To run this solution on Picade, I found it easiest to to create a virtual environment, clone this repository, install all required python packages and run the app from console.

NOTE: I was not able to install tensorflow (and maybe some other) modules on ubuntu, so I ended up creating a new requirements.txt file containing only core modules. It took some refactoring (including introducing useTensorflow setting) and in the end there was now an option to build solution excluding custom AI features (face tracking, gestrure recognition).

You need a keyboard to configure this solution on Picade but once done, only built in controller is enough to run it (assuming all cmd commands are in memory).

Picade Key Configuration

Depending on your Picade input configuration, your keys might not match my setup. My configuration can be found in src\helpers\controlsHelper.py file.

To find what key IDs your Picade has - you can run a small pygame script that outputs something like: print(pygame.key.name(event.key))

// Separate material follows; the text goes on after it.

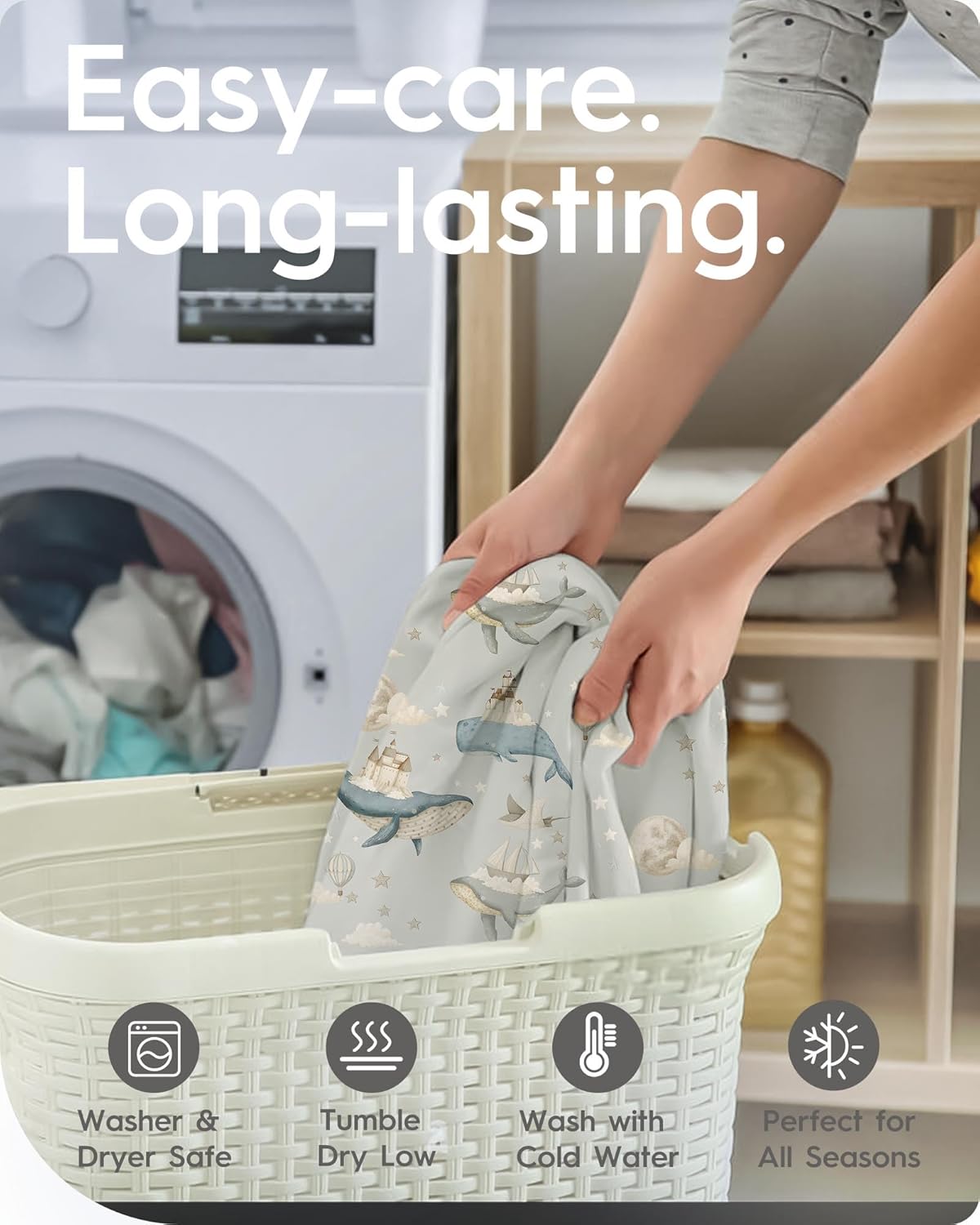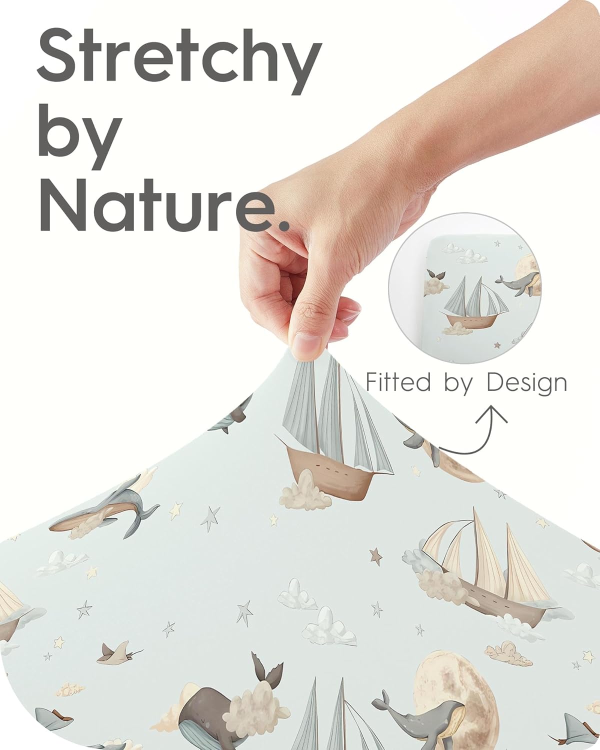 Premium Soft Boho Changing Pad Covers for Girls & Boys - Stretchy Jersey Sheets - Fits Standard Changing Tables - 2 Pack (Whale Dreams)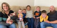 On the couch, from left, are Haley, Rylie and Gavin Fisher; Sandra; Colin Ammel; Addison, Braden and Brett Fisher; and Carter Ammel; with Cammi Fisher on the floor.

How to Configure DroneChallenge on Raspberry

My recollection of how I did this step is pretty bad, but general steps are:

  • Make sure Python 3.8 is installed
  • clone repository to your Raspberry
  • create a virtual environment (venv)
  • in venv - install dependencies from Requirements.txt file
  • run: Python3 main.py

How to run DroneChallenge from Picade

From Picade main menu:

  1. Go to: RetroPie
  2. Connect to Wifi (It helps a lot if your drone Wifi does not have password)
  3. Click: Front Left Black Button (Main Menu)
  4. Go to: Quit -> Quit EmulationStation -> Yes

In Console (move up/down to select commands from history): Right side black button - confirm (enter) From Root:

  1. Cd Desktop/drone/DroneChallenge
  2. Source ../venv/bin/activate (To go out of venv, run command: deactivate)

Lessons Learned

Do things right from step one - the amount of times I refactored this solution is way too high! only because I thought that 'I just need to paste a few code snippets in to make it run and that's it'. The solution grew rapidly, I realised I need virtual environment, requirements file etc. I would've been much easier to inverst time in the begining, plan it out and only then start building.

Document everything! - It's now been over half a year since I last made a change and it's painful to admit how much I forgot already. Especially around configuring environments, builds, package versions.

AI services are available to averyone and it's easy to get started - it takes less than half hour to train your first model, it's free and there's plenty of different services available.